Dataset extract:
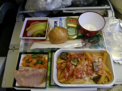 成田−ローマ間で乗った B777-200ER は、前の席との間隔がとても狭くて「え、これに10何時間も乗るの?」と思ってしまいましたが、まぁ乗ってると結構慣れてくるものですね。
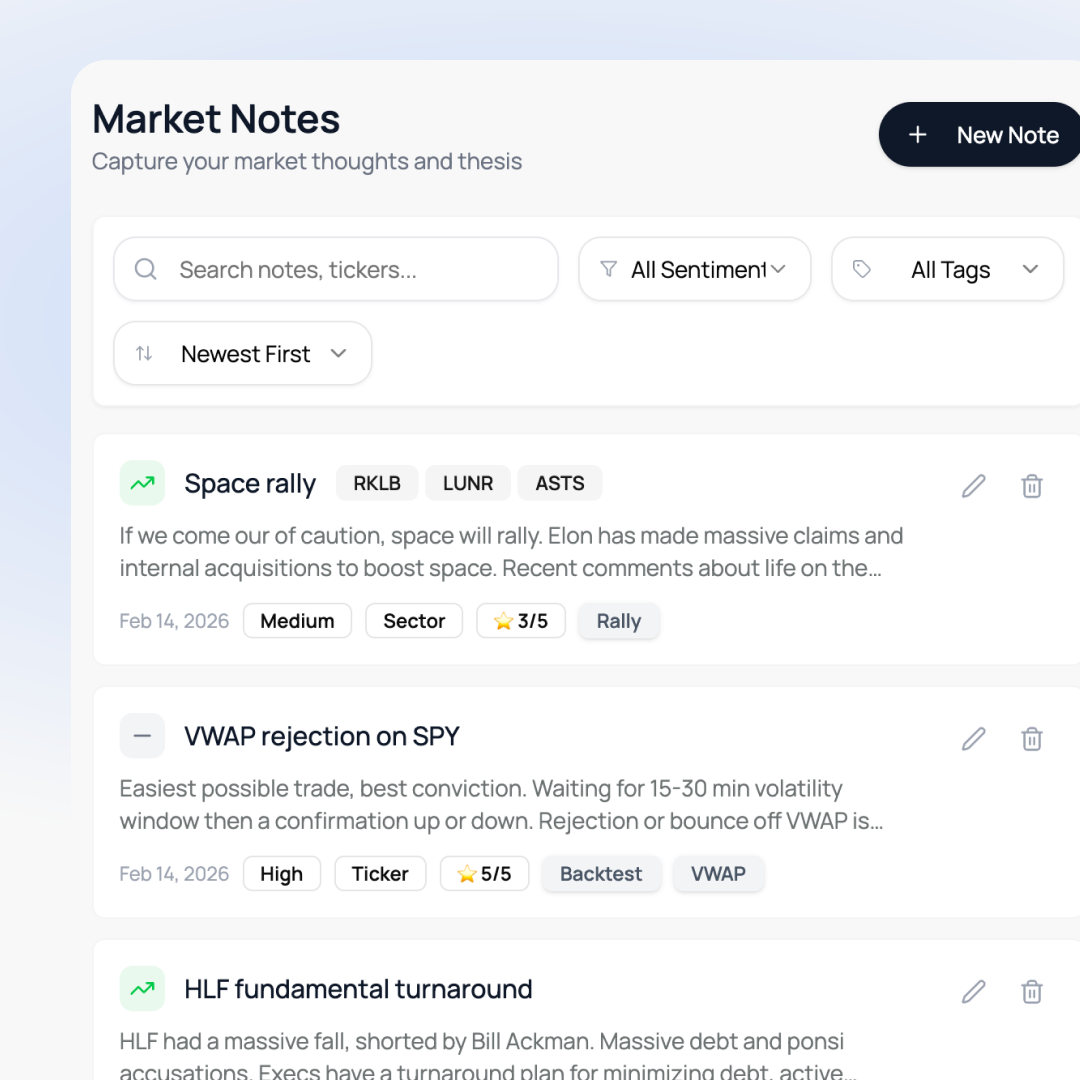 Document trade ideas, tag strategies, rate confidence, and link notes directly to executed trades for organized performance review.
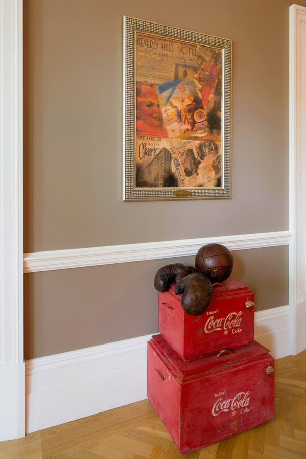 Еще одной отличительно особенностью оформления помещений в городских апартаментах становится применение винтажного декора – картины из плакатов прошлого столетия и оригинальное использование фирменных ящиков в качестве систем хранения, позволяет не только привнести нотки оригинальности в дизайн гостиной, но и создать повод для приятных воспоминаний.
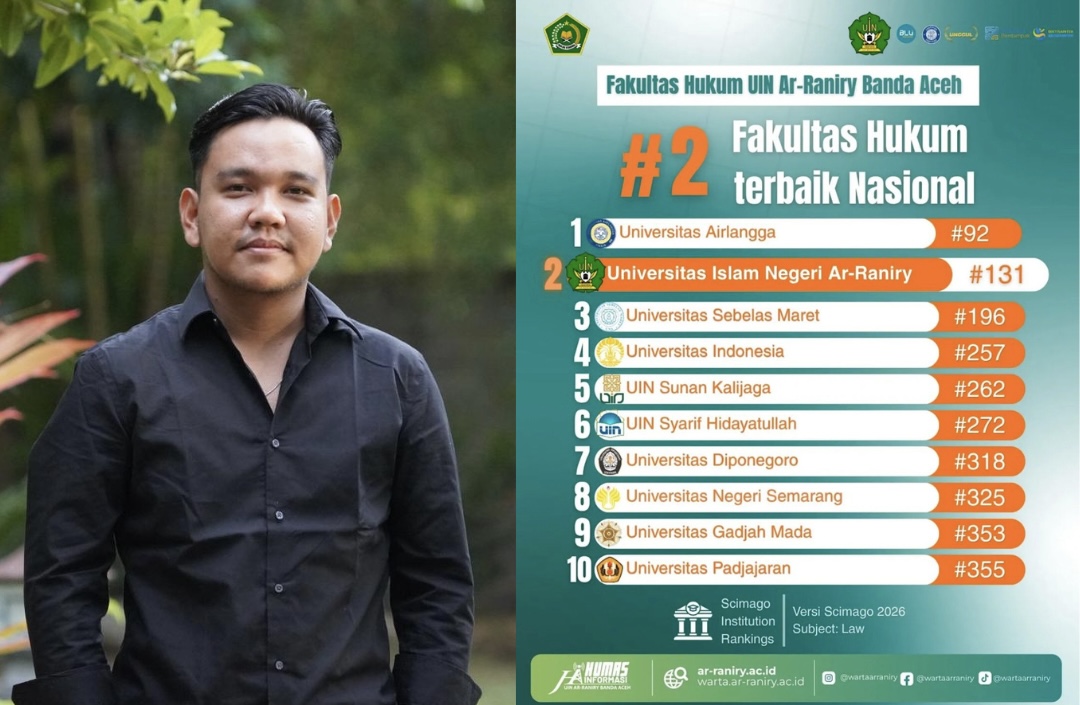 Berdasarkan hasil pemeringkatan tersebut, UIN Ar-Raniry bahkan mampu mengungguli sejumlah perguruan tinggi ternama di Indonesia seperti Universitas Indonesia, Universitas Gadjah Mada, dan Universitas Padjajaran dalam bidang hukum, yang selama ini dikenal sebagai kampus dengan reputasi kuat di bidang tersebut.
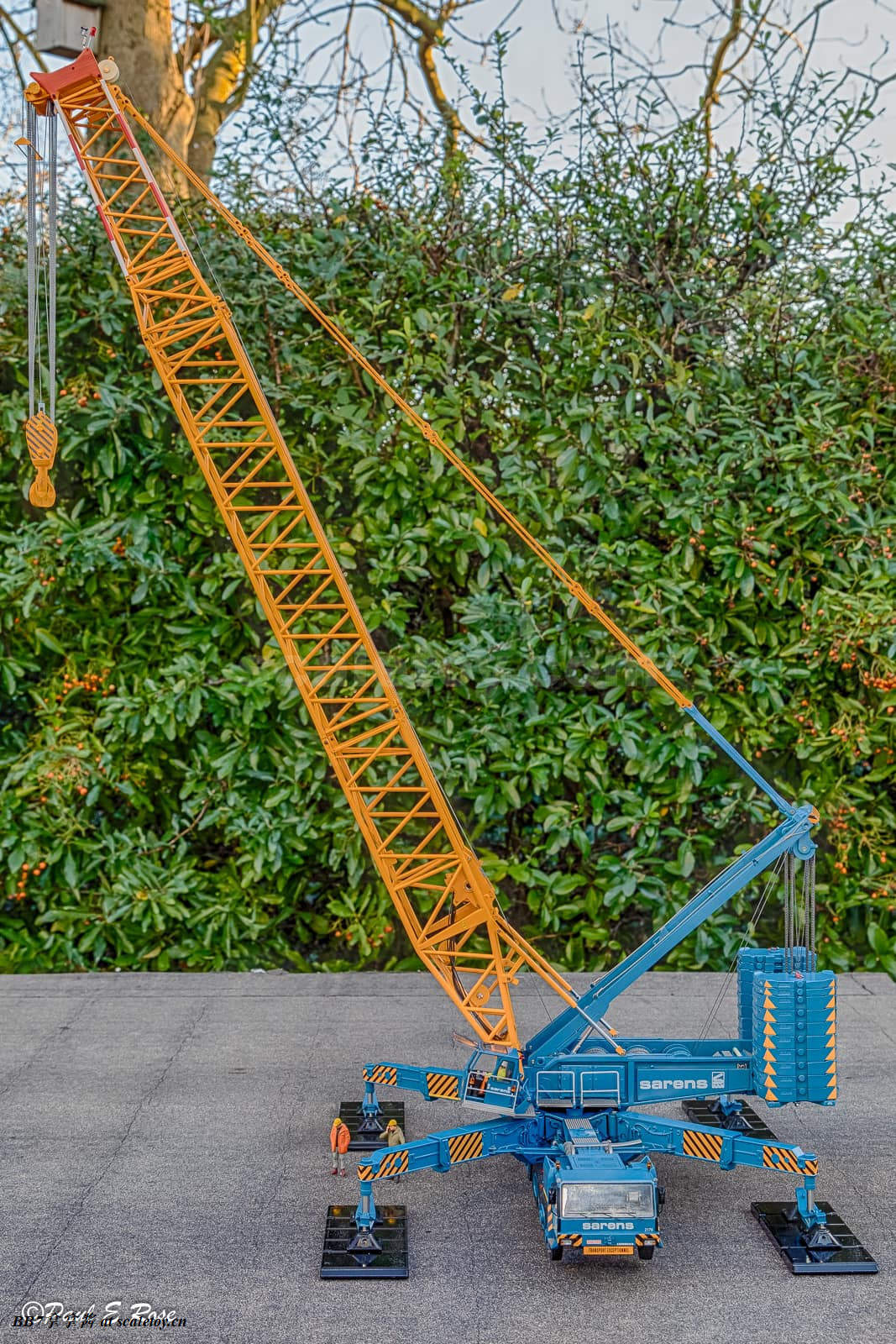 模型的这台ltm11200车牌为E0192BFL,应该是公司唯一一台,从官网上信息推测仍然在服役,车身上并没有看到mammoet或者sarens那样常见的车队编号(行业巨头太富了,车太多才需要编号≥≤)。
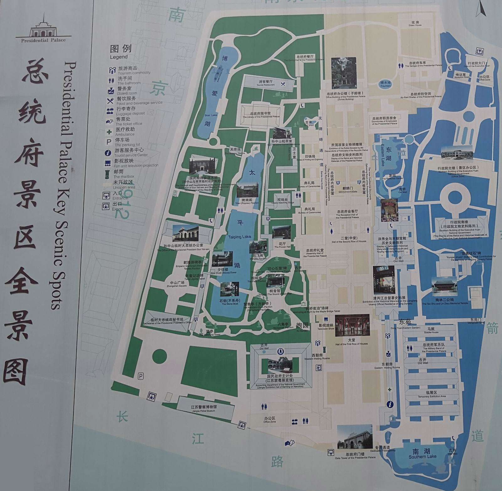 總統(tǒng)府(中國(guó)近代史博物館)占地面積9萬(wàn)平方米,共分三個(gè)參觀區(qū)域。中區(qū)(中軸線)主要是國(guó)民政府、總統(tǒng)府及所屬機(jī)構(gòu);西區(qū)是孫中山的臨時(shí)大總統(tǒng)辦公室、秘書(shū)處和西花園,以及參謀本部等;東區(qū)主要是行政院舊址、馬廄和東花園。一系列展館和史料陳列,則分布在這三個(gè)區(qū)域中。
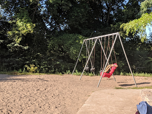 Read moreLovely little playground on sand, fenced all around with a couple of picnic benches. There are slides, a climbing frame, bouncers, a see-saw and swings (including swings for babies/toddlers and one for those with additional needs). Outside of the playground is a splash park and a large grassed area with a football (soccer) goal. Lots of trees, which looks stunning in autumn (fall). A wooden set of stairs leads down to Rosedale Road with a pavement (sidewalk) for pedestrians...
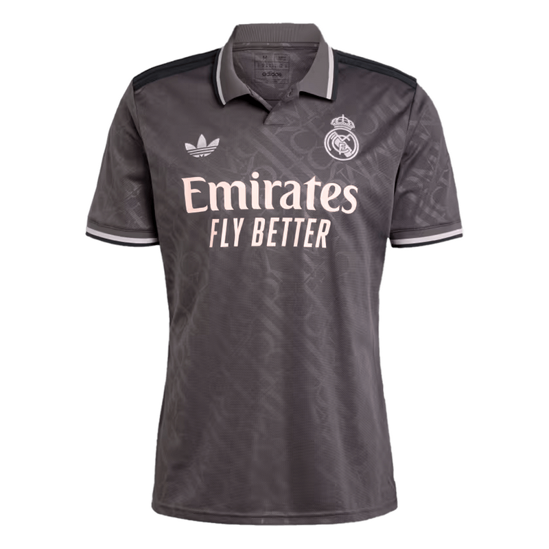 The Real Madrid 2024-25 third shirt has a charcoal brownish-grey (Charcoal) main color combined with 'RMCF' embossing all over the shirt for a unique look.
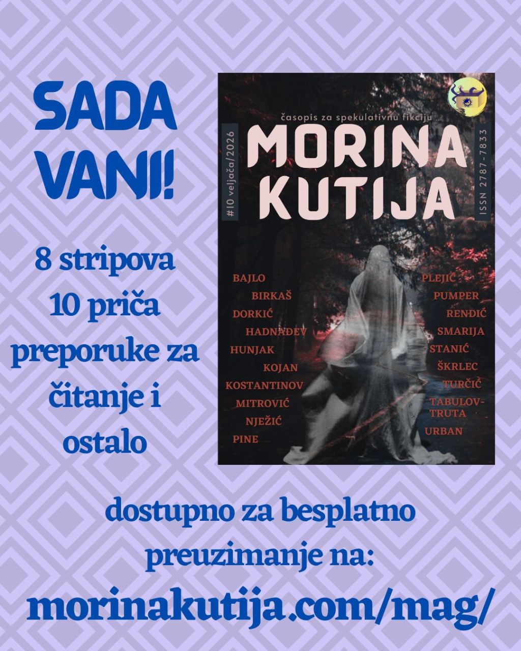 Tko čeka taj i dočeka! Stigao je najnoviji, i to okrugli broj Morine kutije, vašeg najdražeg riječkog online časopisa za spekulativnu fikciju! (Jesmo li stavili dovoljno pridjeva da vam bude najdraži u ovoj kategoriji?)

Your instructions: The line containing "Еще одной отличительно" marks the end; please output exactly the lines of the listing above from its first line through that line, without pictures.

Answer box:
 成田−ローマ間で乗った B777-200ER は、前の席との間隔がとても狭くて「え、これに10何時間も乗るの?」と思ってしまいましたが、まぁ乗ってると結構慣れてくるものですね。
 Document trade ideas, tag strategies, rate confidence, and link notes directly to executed trades for organized performance review.
 Еще одной отличительно особенностью оформления помещений в городских апартаментах становится применение винтажного декора – картины из плакатов прошлого столетия и оригинальное использование фирменных ящиков в качестве систем хранения, позволяет не только привнести нотки оригинальности в дизайн гостиной, но и создать повод для приятных воспоминаний.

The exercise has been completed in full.